Give all of the data again exactly as written, omitting every image.
[Start of Attachment]
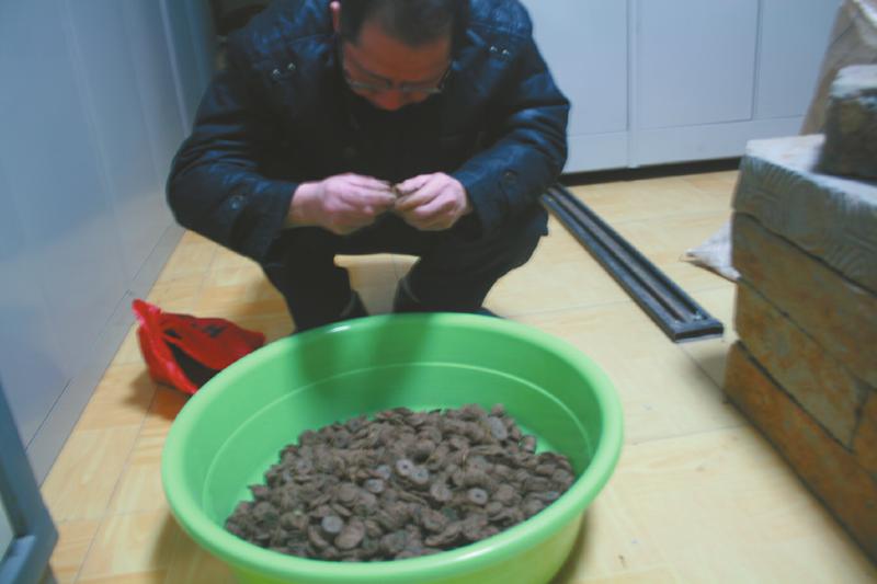 华西都市报记者谢颖摄影报道文物局工作人员清理古钱币。
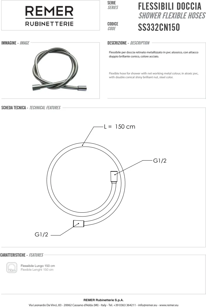 Шланг для душа Remer ПВХ 150см (цвет "нержавейка") к-к SS332CN150
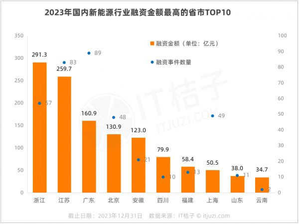 具体看2023年新能源融资金额最高的省市,江苏省以291.3亿元的融资金额位居榜首。
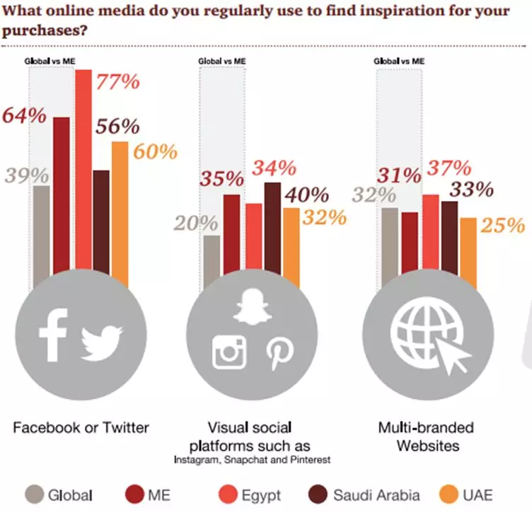 与此同时,根据PWC的数据显示,也有64%的中东购物则使用Facebook 或者 Twitter找到心仪的事情进行购物。另外,在Instagram上发放广告也是电子商务零售商进入中东市场的有效途径之一
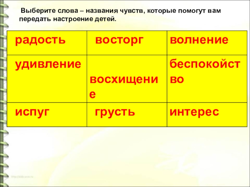 Слайд 18 Выберите слова – названия чувств, которые помогут вам передать настроение детей.
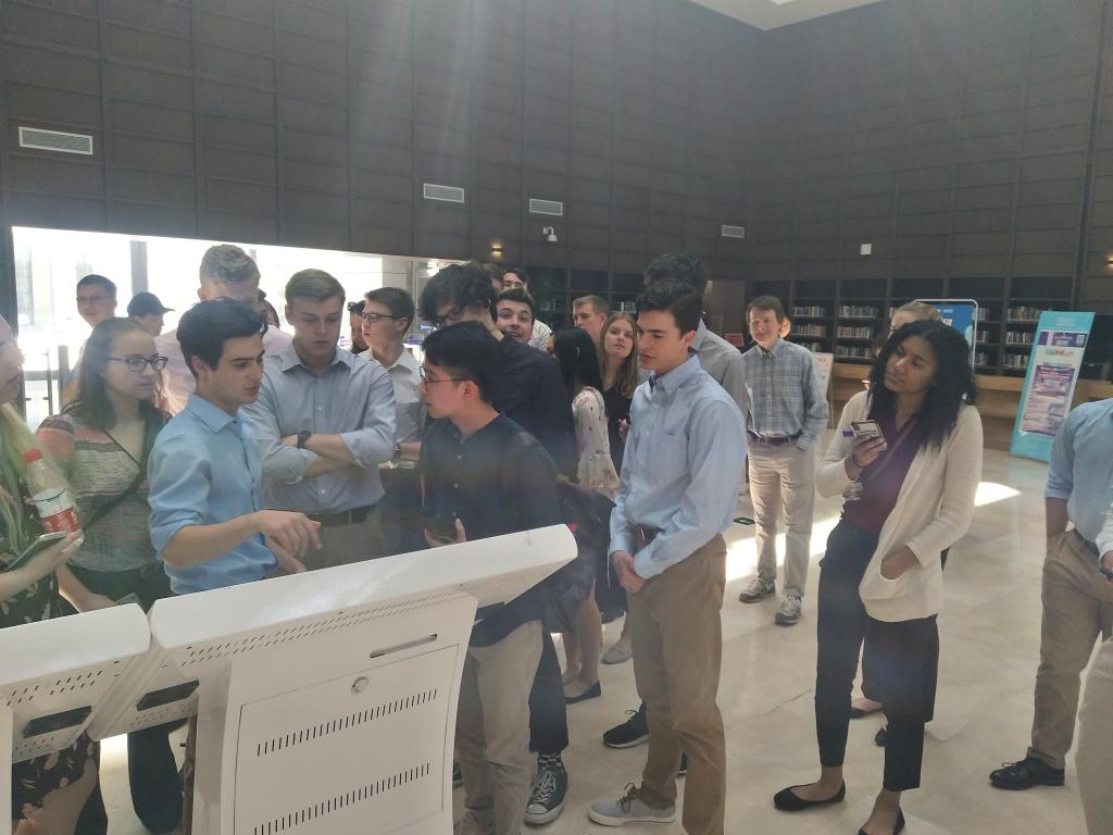 讲座和研讨环节结束后,匹茨堡大学师生在437必赢会员中心师生的带领下参观了校园,并体验了沙河校区图书馆。437必赢会员中心学生全程使用英文对图书馆的结构和各项功能进行了详细的介绍。我校图书馆的宏伟格局、强大的功能、先进的设施、友好的用户体验得到了匹茨堡大学同学的啧啧称赞。
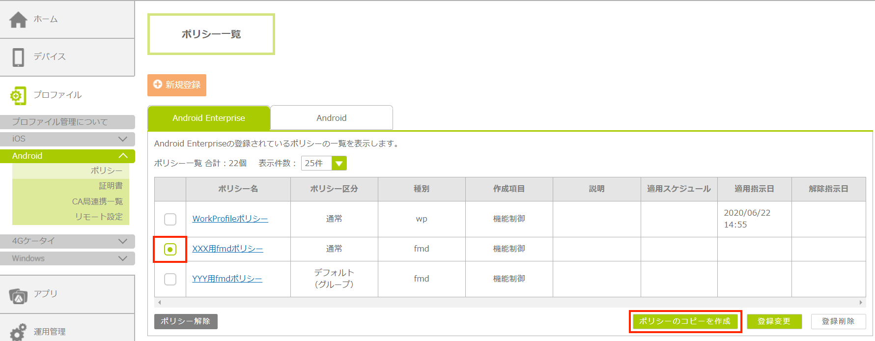 1.「プロファイル」をクリックし、「Android」の「ポリシー」をクリックします。
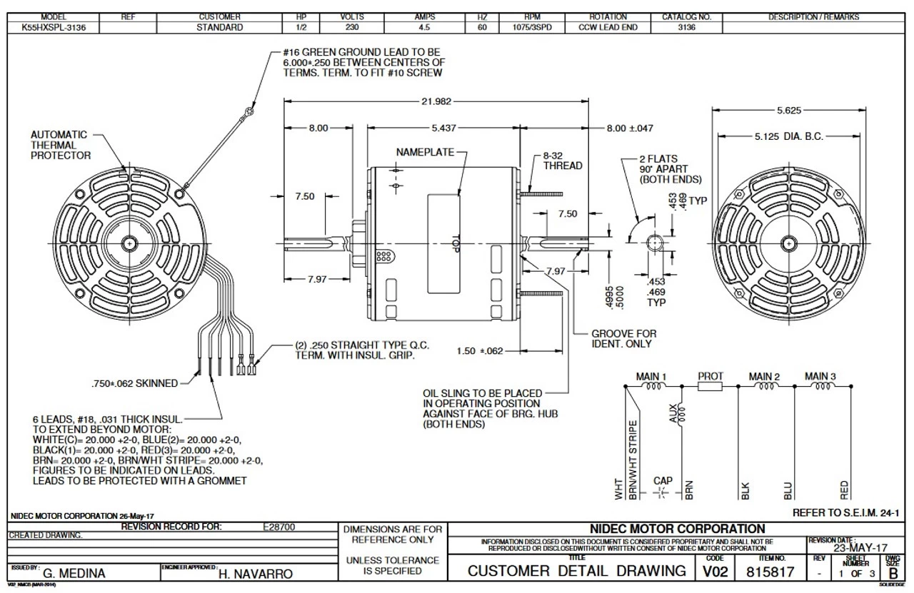 Permanent Split Capacitor Motor. Automatic Overload Protection. Continuous Duty; Open Drip Proof Enclosure; Class B Insulation; 40C Ambient Temperature; 20″ Leads, 60 Hertz. K055SPL3136801B.
[End of Attachment]
Written solution:
 华西都市报记者谢颖摄影报道文物局工作人员清理古钱币。
 Шланг для душа Remer ПВХ 150см (цвет "нержавейка") к-к SS332CN150
 具体看2023年新能源融资金额最高的省市,江苏省以291.3亿元的融资金额位居榜首。
 与此同时,根据PWC的数据显示,也有64%的中东购物则使用Facebook 或者 Twitter找到心仪的事情进行购物。另外,在Instagram上发放广告也是电子商务零售商进入中东市场的有效途径之一
 Слайд 18 Выберите слова – названия чувств, которые помогут вам передать настроение детей.
 讲座和研讨环节结束后,匹茨堡大学师生在437必赢会员中心师生的带领下参观了校园,并体验了沙河校区图书馆。437必赢会员中心学生全程使用英文对图书馆的结构和各项功能进行了详细的介绍。我校图书馆的宏伟格局、强大的功能、先进的设施、友好的用户体验得到了匹茨堡大学同学的啧啧称赞。
 1.「プロファイル」をクリックし、「Android」の「ポリシー」をクリックします。
 Permanent Split Capacitor Motor. Automatic Overload Protection. Continuous Duty; Open Drip Proof Enclosure; Class B Insulation; 40C Ambient Temperature; 20″ Leads, 60 Hertz. K055SPL3136801B.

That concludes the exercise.